Receptor Binding Domain
The receptor binding domain is the portion of the spike protein that binds directly to human ACE2 receptors. Delta has 3 RBD mutations. The first, a lysine to asparagine substitution at position 417, is present in some, but not all sequences of B.1.617.2. It is also common to the Beta variant and has been associated with conformational changes to S protein, which may aid in immune escape. The second mutation, a leucine to arginine substitution at position 452, is common to the former variant of interest Epsilon, and is known to increase affinity for ACE2 receptors found on the surface of a variety of human cells, including the lungs. And the third, a threonine to lysine substitution at position 478, is common to the B.1.1.519 lineage, and has been predicted to increase electrostatic potential and steric hindrance, which may further increase RBD/ACE2 binding affinity and enable immune escape.
Furin Cleavage Site
The spike protein consists of a receptor-binding subunit (S1) and a fusion subunit (S2), which must be cleaved from each other to mediate membrane fusion and cause infection. The furin cleavage site is the junction where that cleavage takes place, and Delta contains a proline to arginine substitution (also common to Alpha) near this cleavage site at position 681 that makes the sequence less acidic and causes furin to recognize and cut more effectively. As a result, more spike proteins are primed to enter human cells. Research indicates that less than 10% of spike proteins are primed in the original strain, 50% are primed in Alpha and greater than 75% are primed in Delta. The mutation likely increases viral infectivity and transmissibility; however, it must occur on the background of additional spike protein mutations in order to be consequential.
Scientists have identified regions in the N-terminal domain of S protein that are especially vulnerable to antibody recognition and attack, called NTD-antigenic supersites. Delta contains a number of mutations that fall within an antigenic supersite, including a threonine to arginine substitution at position 19, a glycine to aspartate substitution at position 142, deletions at positions 156 and 157 and an arginine to glycine substitution at position 158. Accumulated mutations in antigenic supersites are thought to enhance the virus’s ability to avoid immune detection.

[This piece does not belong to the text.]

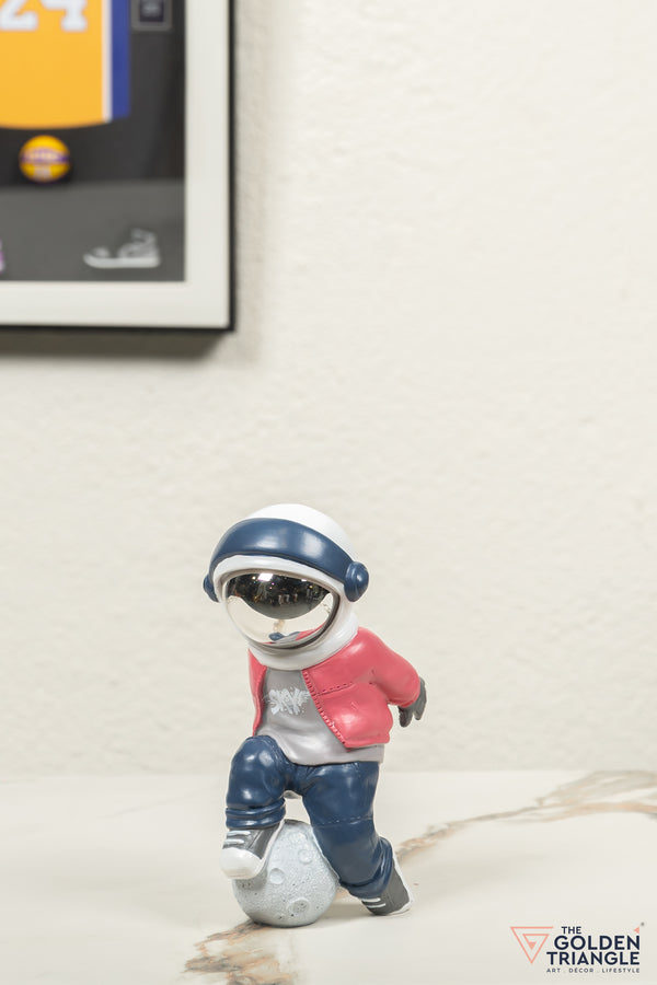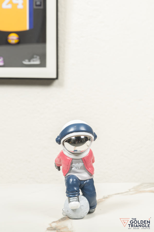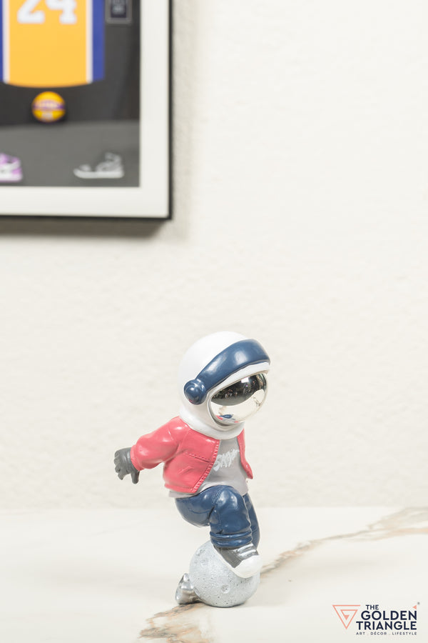 Add a playful, futurist vibe to your space with this quirky astronaut rapper decor piece. Featuring a reflective helmet and bold streetware style, this figurine brings a touch of modern art to any room. Perfect for eclectic and contemporary decor, its a conversation starter. It would look great in a living room, bedroom, office adding a touch of fun and adventure to the space.

Stopping Transmission Is Key to Controlling Variants
Humanity has its hands full as the virus continues to mutate and evolve potential mechanisms to escape the immune defenses its hosts have worked so hard and sacrificed so much to develop. In addition to the variants of concern currently being monitored, researchers are keeping an eye on a number of variants of interest, including Lambda. When specific mutations (like K417N/T) become fixed in different virus lineages, it is evidence that natural selection may be occurring. According to Dr. Vaughn Cooper, ASM’s Council on Microbial Sciences-elected Board Director and evolutionary biologist, stopping the virus is key. “The more infections, the more chance that mutations will occur and thus the more likely selection will enrich the best mutations to improve the virus,” he explained. Vaccination is the best weapon in the fight to curb transmission.